Utilizing Model Residuals to Identify Rental Properties of Interest: The Price Anomaly Score (PAS) and Its Application to Real-time Data in Manhattan
results: 本研究发现,通过将泛化到至少75%的数据集,可以捕捉到价格预测偏差的重要信息。此外,PAS还可以用于识别过高或过低的房源价格。Abstract
Understanding whether a property is priced fairly hinders buyers and sellers since they usually do not have an objective viewpoint of the price distribution for the overall market of their interest. Drawing from data collected of all possible available properties for rent in Manhattan as of September 2023, this paper aims to strengthen our understanding of model residuals; specifically on machine learning models which generalize for a majority of the distribution of a well-proportioned dataset. Most models generally perceive deviations from predicted values as mere inaccuracies, however this paper proposes a different vantage point: when generalizing to at least 75\% of the data-set, the remaining deviations reveal significant insights. To harness these insights, we introduce the Price Anomaly Score (PAS), a metric capable of capturing boundaries between irregularly predicted prices.
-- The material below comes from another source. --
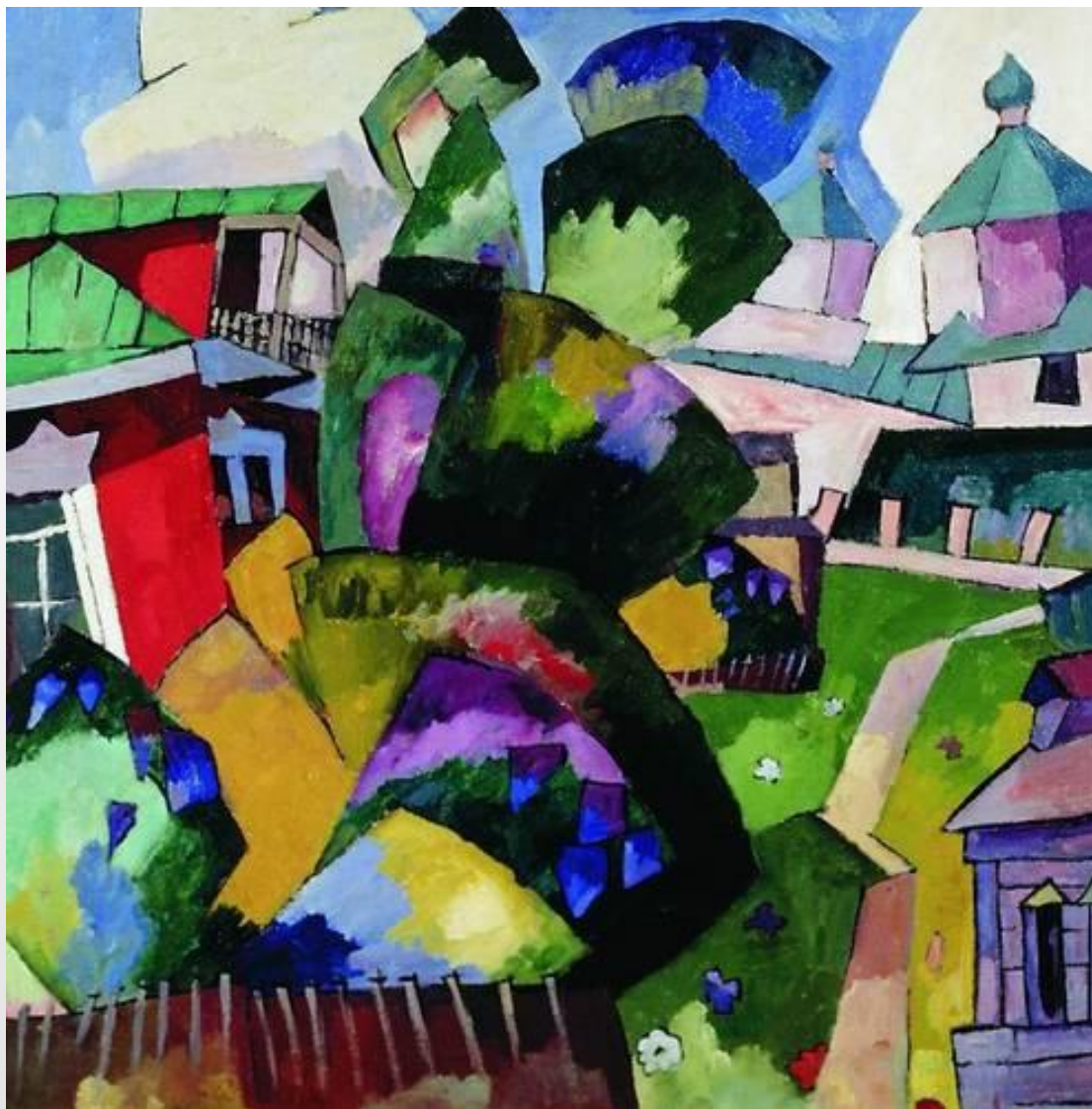
А.Лентулов «Деревянная церковь»
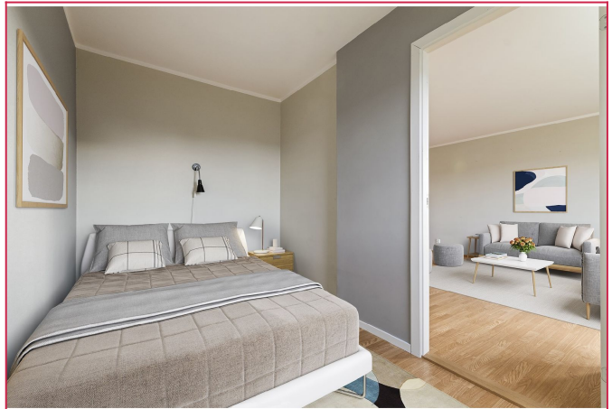
Soverom med god plass til dobbeltseng. Digitalt stylet.

By combining relative pricing discrepancies with statistical significance, the Price Anomaly Score (PAS) offers a multifaceted view of rental valuations. This metric allows experts to identify overpriced or underpriced properties within a dataset by aggregating PAS values, then fine-tuning upper and lower boundaries to any threshold to set indicators of choice.
摘要
To harness these insights, we introduce the Price Anomaly Score (PAS), a metric that captures the boundaries between irregularly predicted prices. By combining relative pricing discrepancies with statistical significance, the PAS offers a multifaceted view of rental valuations. This metric allows experts to identify overpriced or underpriced properties within a dataset by aggregating PAS values and fine-tuning upper and lower boundaries to any threshold of choice.